DIRECTIONS: Below are records to give again exactly; omit each image they contain.
*****
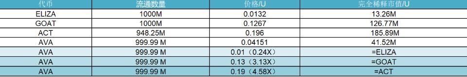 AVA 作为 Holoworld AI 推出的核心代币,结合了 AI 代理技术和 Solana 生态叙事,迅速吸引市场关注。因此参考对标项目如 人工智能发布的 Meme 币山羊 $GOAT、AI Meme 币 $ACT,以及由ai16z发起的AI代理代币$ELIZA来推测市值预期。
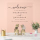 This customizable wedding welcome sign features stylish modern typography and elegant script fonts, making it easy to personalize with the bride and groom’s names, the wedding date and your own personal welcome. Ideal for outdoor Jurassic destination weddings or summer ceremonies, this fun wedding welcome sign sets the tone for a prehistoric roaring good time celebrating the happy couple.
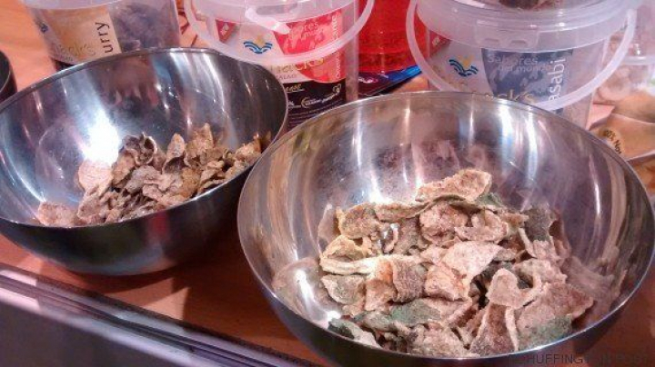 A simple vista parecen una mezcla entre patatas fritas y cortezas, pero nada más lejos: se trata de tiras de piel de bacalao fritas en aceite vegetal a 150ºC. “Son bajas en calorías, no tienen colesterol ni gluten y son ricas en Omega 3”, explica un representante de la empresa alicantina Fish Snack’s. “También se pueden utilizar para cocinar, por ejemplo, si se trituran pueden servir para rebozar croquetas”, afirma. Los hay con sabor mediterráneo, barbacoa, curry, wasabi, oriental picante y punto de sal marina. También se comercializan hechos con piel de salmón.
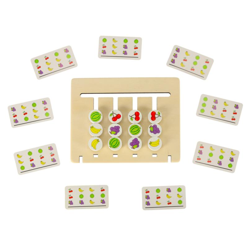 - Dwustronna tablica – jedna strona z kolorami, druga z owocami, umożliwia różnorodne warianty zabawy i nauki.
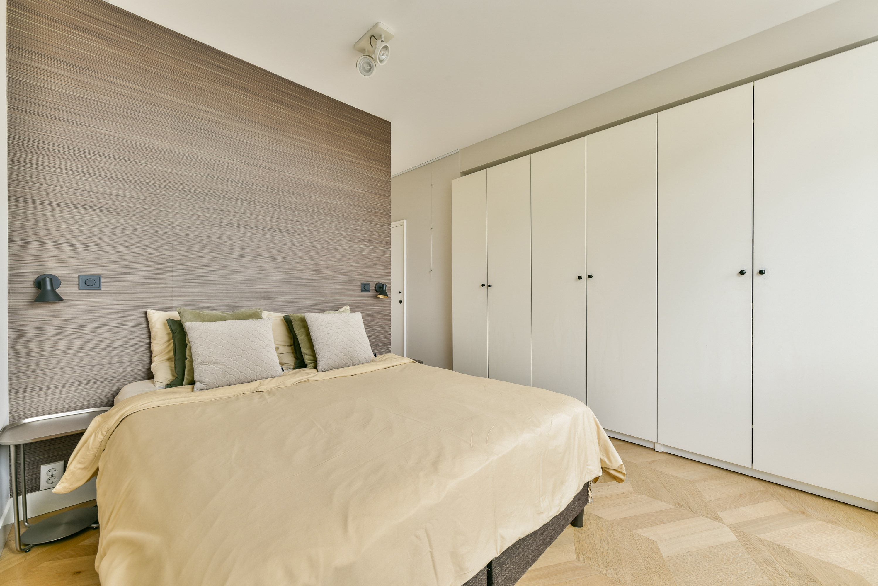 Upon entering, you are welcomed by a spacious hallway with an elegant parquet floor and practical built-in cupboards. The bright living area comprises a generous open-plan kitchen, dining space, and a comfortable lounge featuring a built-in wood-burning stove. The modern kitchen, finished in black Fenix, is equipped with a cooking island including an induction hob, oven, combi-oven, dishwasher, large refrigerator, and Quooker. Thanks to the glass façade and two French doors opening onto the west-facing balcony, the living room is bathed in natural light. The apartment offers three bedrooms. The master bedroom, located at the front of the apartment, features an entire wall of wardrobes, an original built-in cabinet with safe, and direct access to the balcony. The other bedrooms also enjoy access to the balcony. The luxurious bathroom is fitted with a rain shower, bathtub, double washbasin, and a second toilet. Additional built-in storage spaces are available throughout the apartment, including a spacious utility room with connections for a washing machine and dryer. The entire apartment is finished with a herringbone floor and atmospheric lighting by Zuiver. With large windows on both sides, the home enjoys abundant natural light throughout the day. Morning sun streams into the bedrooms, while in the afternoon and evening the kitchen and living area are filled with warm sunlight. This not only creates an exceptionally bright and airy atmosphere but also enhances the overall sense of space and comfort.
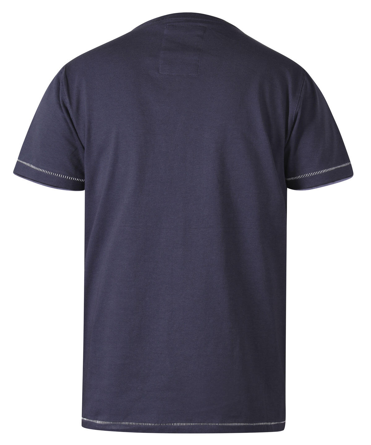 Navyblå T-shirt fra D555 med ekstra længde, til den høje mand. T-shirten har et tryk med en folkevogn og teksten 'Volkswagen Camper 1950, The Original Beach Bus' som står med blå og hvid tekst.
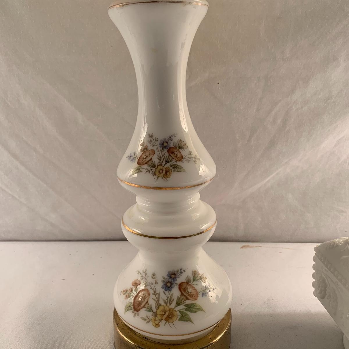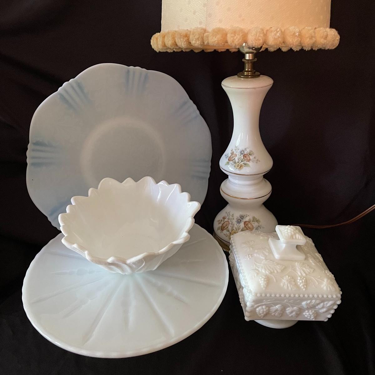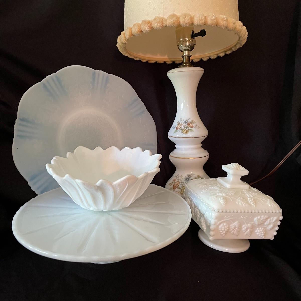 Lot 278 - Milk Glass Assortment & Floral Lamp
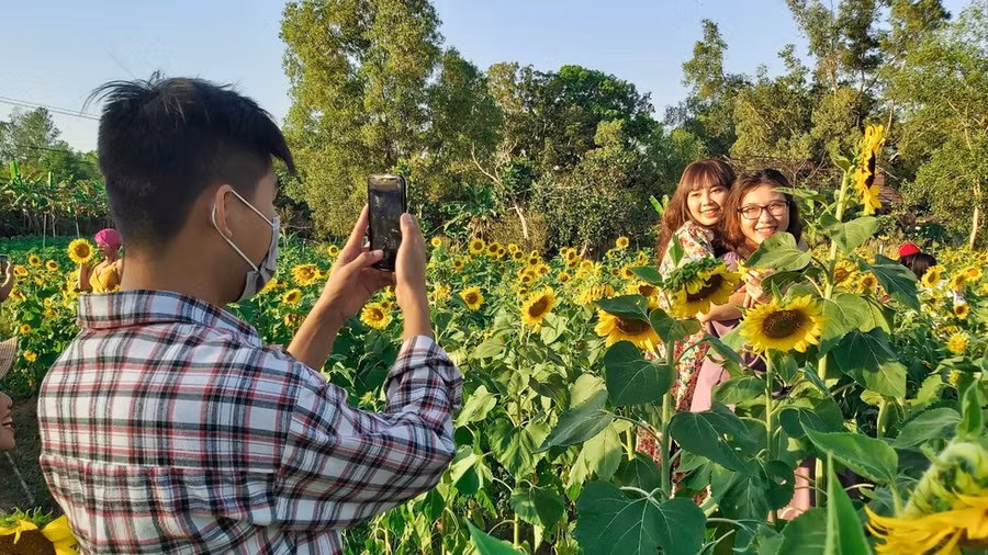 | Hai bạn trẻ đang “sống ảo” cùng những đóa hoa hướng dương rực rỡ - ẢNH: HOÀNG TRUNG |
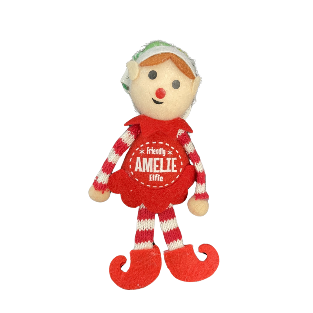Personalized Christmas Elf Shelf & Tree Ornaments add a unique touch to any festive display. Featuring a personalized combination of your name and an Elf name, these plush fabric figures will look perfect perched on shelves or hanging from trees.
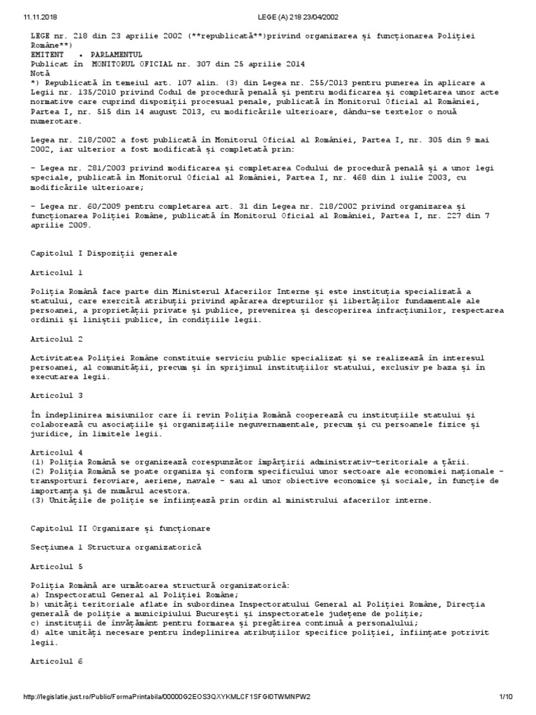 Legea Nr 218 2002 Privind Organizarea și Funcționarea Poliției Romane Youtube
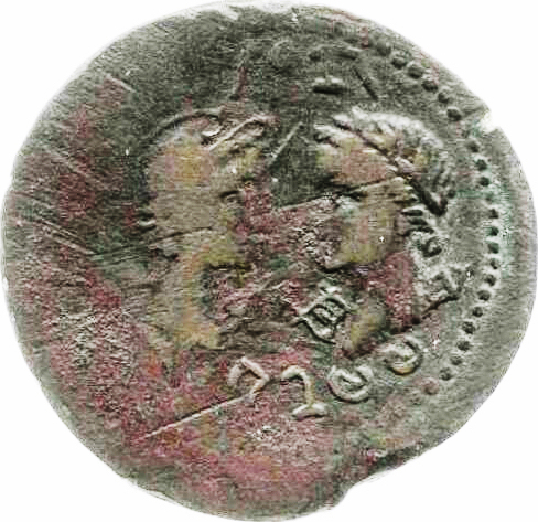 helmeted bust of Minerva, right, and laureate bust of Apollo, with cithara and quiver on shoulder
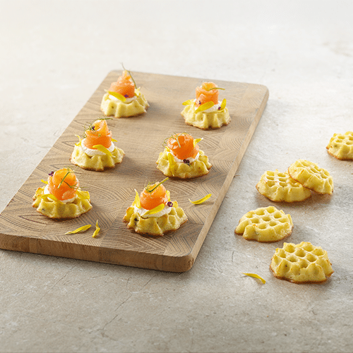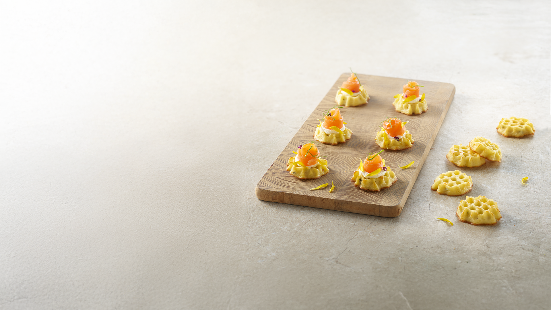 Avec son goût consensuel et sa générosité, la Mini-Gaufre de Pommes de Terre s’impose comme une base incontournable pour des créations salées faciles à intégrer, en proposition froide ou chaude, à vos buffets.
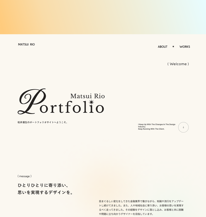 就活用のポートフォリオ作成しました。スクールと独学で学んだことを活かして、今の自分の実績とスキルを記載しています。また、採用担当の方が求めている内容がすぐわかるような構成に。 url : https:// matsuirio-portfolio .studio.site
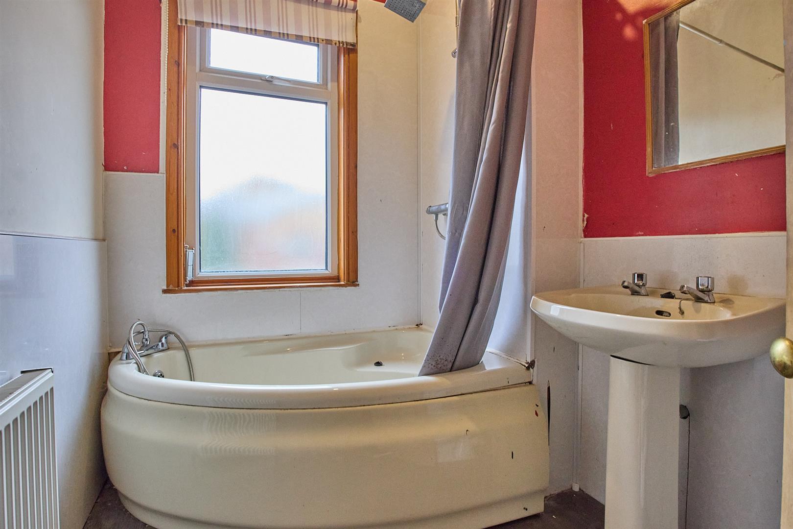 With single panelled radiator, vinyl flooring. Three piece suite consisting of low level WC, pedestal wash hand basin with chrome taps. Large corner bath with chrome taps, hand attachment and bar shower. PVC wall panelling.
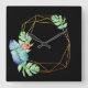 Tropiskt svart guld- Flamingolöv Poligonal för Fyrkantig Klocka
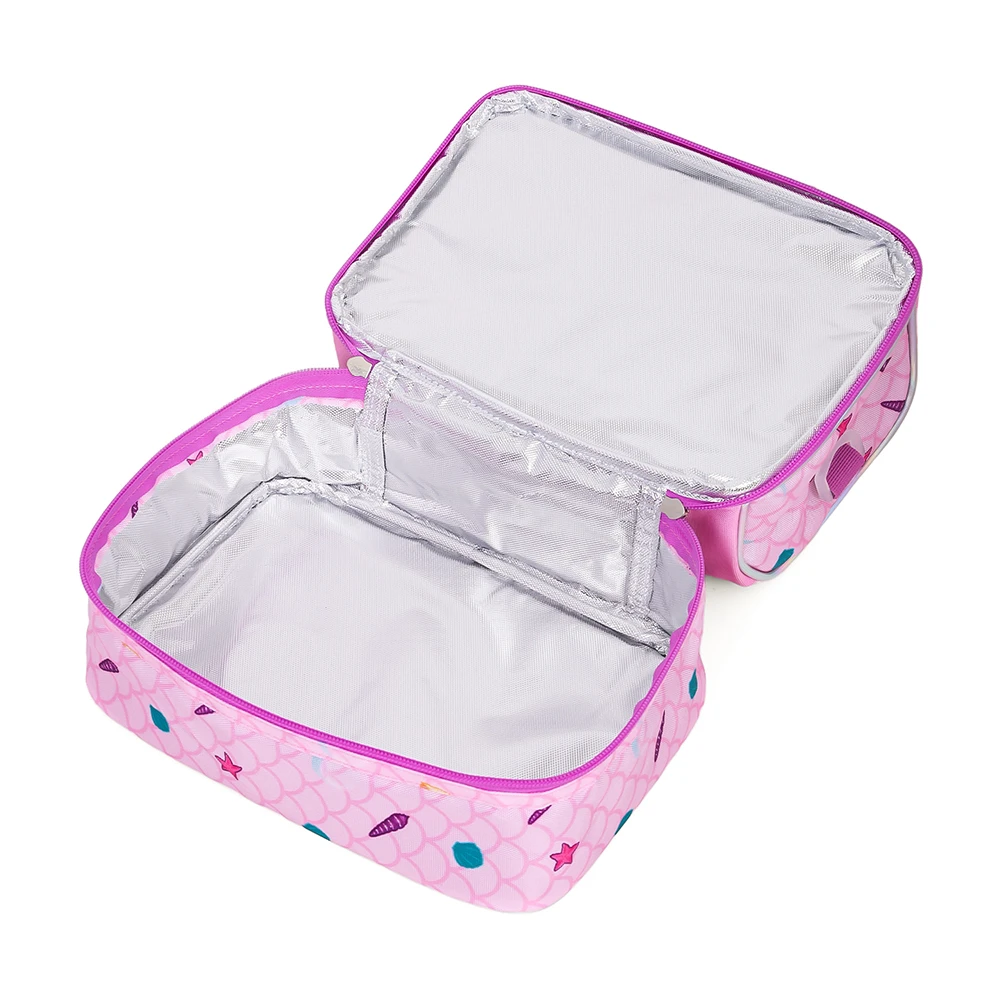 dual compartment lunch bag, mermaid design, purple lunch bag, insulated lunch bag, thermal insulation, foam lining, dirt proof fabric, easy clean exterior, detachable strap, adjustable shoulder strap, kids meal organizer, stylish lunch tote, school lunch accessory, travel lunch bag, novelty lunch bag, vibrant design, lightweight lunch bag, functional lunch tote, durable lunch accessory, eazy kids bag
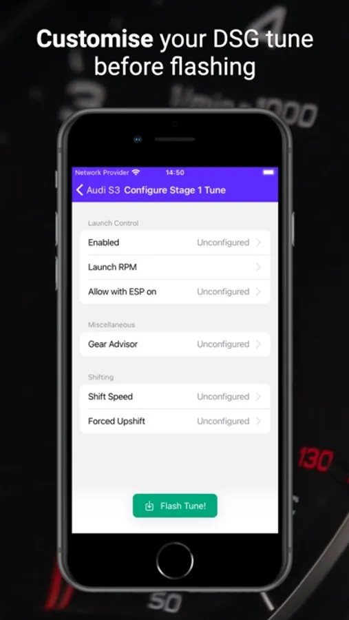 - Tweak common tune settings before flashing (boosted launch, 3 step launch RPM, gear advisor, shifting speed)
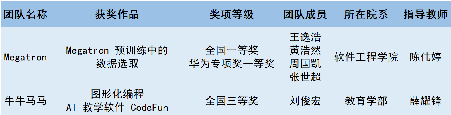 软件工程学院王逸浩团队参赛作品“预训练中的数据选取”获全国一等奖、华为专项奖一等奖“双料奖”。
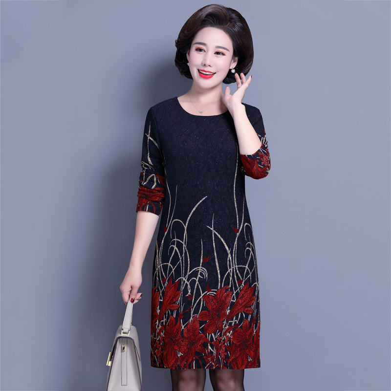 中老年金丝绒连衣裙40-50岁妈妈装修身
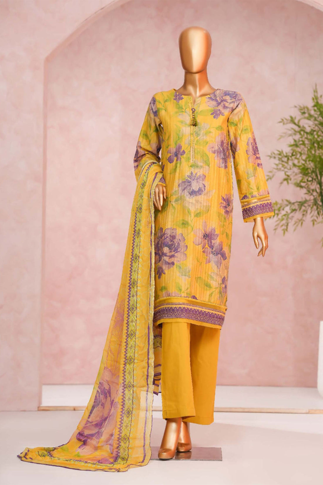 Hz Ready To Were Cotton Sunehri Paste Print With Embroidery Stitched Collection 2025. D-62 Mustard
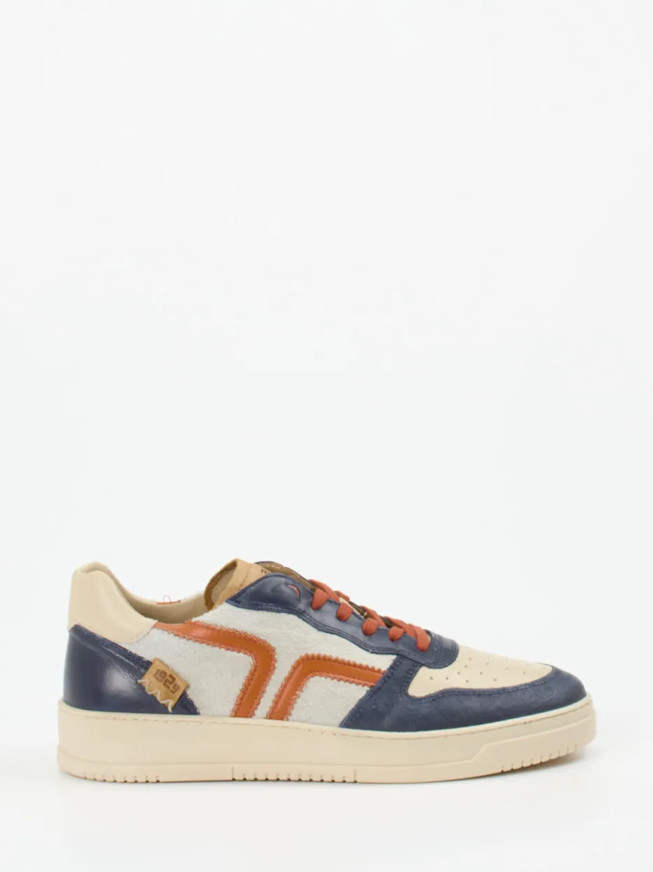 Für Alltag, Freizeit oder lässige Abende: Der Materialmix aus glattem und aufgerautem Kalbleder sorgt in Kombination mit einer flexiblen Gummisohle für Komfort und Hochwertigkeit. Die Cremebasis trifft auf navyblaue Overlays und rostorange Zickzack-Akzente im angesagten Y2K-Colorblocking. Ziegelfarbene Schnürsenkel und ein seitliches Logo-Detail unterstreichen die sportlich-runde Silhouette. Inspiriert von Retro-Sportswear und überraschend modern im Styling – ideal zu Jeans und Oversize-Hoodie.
*****
RESULT:
 AVA 作为 Holoworld AI 推出的核心代币,结合了 AI 代理技术和 Solana 生态叙事,迅速吸引市场关注。因此参考对标项目如 人工智能发布的 Meme 币山羊 $GOAT、AI Meme 币 $ACT,以及由ai16z发起的AI代理代币$ELIZA来推测市值预期。
 This customizable wedding welcome sign features stylish modern typography and elegant script fonts, making it easy to personalize with the bride and groom’s names, the wedding date and your own personal welcome. Ideal for outdoor Jurassic destination weddings or summer ceremonies, this fun wedding welcome sign sets the tone for a prehistoric roaring good time celebrating the happy couple.
 A simple vista parecen una mezcla entre patatas fritas y cortezas, pero nada más lejos: se trata de tiras de piel de bacalao fritas en aceite vegetal a 150ºC. “Son bajas en calorías, no tienen colesterol ni gluten y son ricas en Omega 3”, explica un representante de la empresa alicantina Fish Snack’s. “También se pueden utilizar para cocinar, por ejemplo, si se trituran pueden servir para rebozar croquetas”, afirma. Los hay con sabor mediterráneo, barbacoa, curry, wasabi, oriental picante y punto de sal marina. También se comercializan hechos con piel de salmón.
 - Dwustronna tablica – jedna strona z kolorami, druga z owocami, umożliwia różnorodne warianty zabawy i nauki.
 Upon entering, you are welcomed by a spacious hallway with an elegant parquet floor and practical built-in cupboards. The bright living area comprises a generous open-plan kitchen, dining space, and a comfortable lounge featuring a built-in wood-burning stove. The modern kitchen, finished in black Fenix, is equipped with a cooking island including an induction hob, oven, combi-oven, dishwasher, large refrigerator, and Quooker. Thanks to the glass façade and two French doors opening onto the west-facing balcony, the living room is bathed in natural light. The apartment offers three bedrooms. The master bedroom, located at the front of the apartment, features an entire wall of wardrobes, an original built-in cabinet with safe, and direct access to the balcony. The other bedrooms also enjoy access to the balcony. The luxurious bathroom is fitted with a rain shower, bathtub, double washbasin, and a second toilet. Additional built-in storage spaces are available throughout the apartment, including a spacious utility room with connections for a washing machine and dryer. The entire apartment is finished with a herringbone floor and atmospheric lighting by Zuiver. With large windows on both sides, the home enjoys abundant natural light throughout the day. Morning sun streams into the bedrooms, while in the afternoon and evening the kitchen and living area are filled with warm sunlight. This not only creates an exceptionally bright and airy atmosphere but also enhances the overall sense of space and comfort.
 Navyblå T-shirt fra D555 med ekstra længde, til den høje mand. T-shirten har et tryk med en folkevogn og teksten 'Volkswagen Camper 1950, The Original Beach Bus' som står med blå og hvid tekst.
 Lot 278 - Milk Glass Assortment & Floral Lamp
 | Hai bạn trẻ đang “sống ảo” cùng những đóa hoa hướng dương rực rỡ - ẢNH: HOÀNG TRUNG |
Personalized Christmas Elf Shelf & Tree Ornaments add a unique touch to any festive display. Featuring a personalized combination of your name and an Elf name, these plush fabric figures will look perfect perched on shelves or hanging from trees.
 Legea Nr 218 2002 Privind Organizarea și Funcționarea Poliției Romane Youtube
 helmeted bust of Minerva, right, and laureate bust of Apollo, with cithara and quiver on shoulder
 Avec son goût consensuel et sa générosité, la Mini-Gaufre de Pommes de Terre s’impose comme une base incontournable pour des créations salées faciles à intégrer, en proposition froide ou chaude, à vos buffets.
 就活用のポートフォリオ作成しました。スクールと独学で学んだことを活かして、今の自分の実績とスキルを記載しています。また、採用担当の方が求めている内容がすぐわかるような構成に。 url : https:// matsuirio-portfolio .studio.site
 With single panelled radiator, vinyl flooring. Three piece suite consisting of low level WC, pedestal wash hand basin with chrome taps. Large corner bath with chrome taps, hand attachment and bar shower. PVC wall panelling.
 Tropiskt svart guld- Flamingolöv Poligonal för Fyrkantig Klocka
 dual compartment lunch bag, mermaid design, purple lunch bag, insulated lunch bag, thermal insulation, foam lining, dirt proof fabric, easy clean exterior, detachable strap, adjustable shoulder strap, kids meal organizer, stylish lunch tote, school lunch accessory, travel lunch bag, novelty lunch bag, vibrant design, lightweight lunch bag, functional lunch tote, durable lunch accessory, eazy kids bag
 - Tweak common tune settings before flashing (boosted launch, 3 step launch RPM, gear advisor, shifting speed)
 软件工程学院王逸浩团队参赛作品“预训练中的数据选取”获全国一等奖、华为专项奖一等奖“双料奖”。
 中老年金丝绒连衣裙40-50岁妈妈装修身
 Hz Ready To Were Cotton Sunehri Paste Print With Embroidery Stitched Collection 2025. D-62 Mustard
 Für Alltag, Freizeit oder lässige Abende: Der Materialmix aus glattem und aufgerautem Kalbleder sorgt in Kombination mit einer flexiblen Gummisohle für Komfort und Hochwertigkeit. Die Cremebasis trifft auf navyblaue Overlays und rostorange Zickzack-Akzente im angesagten Y2K-Colorblocking. Ziegelfarbene Schnürsenkel und ein seitliches Logo-Detail unterstreichen die sportlich-runde Silhouette. Inspiriert von Retro-Sportswear und überraschend modern im Styling – ideal zu Jeans und Oversize-Hoodie.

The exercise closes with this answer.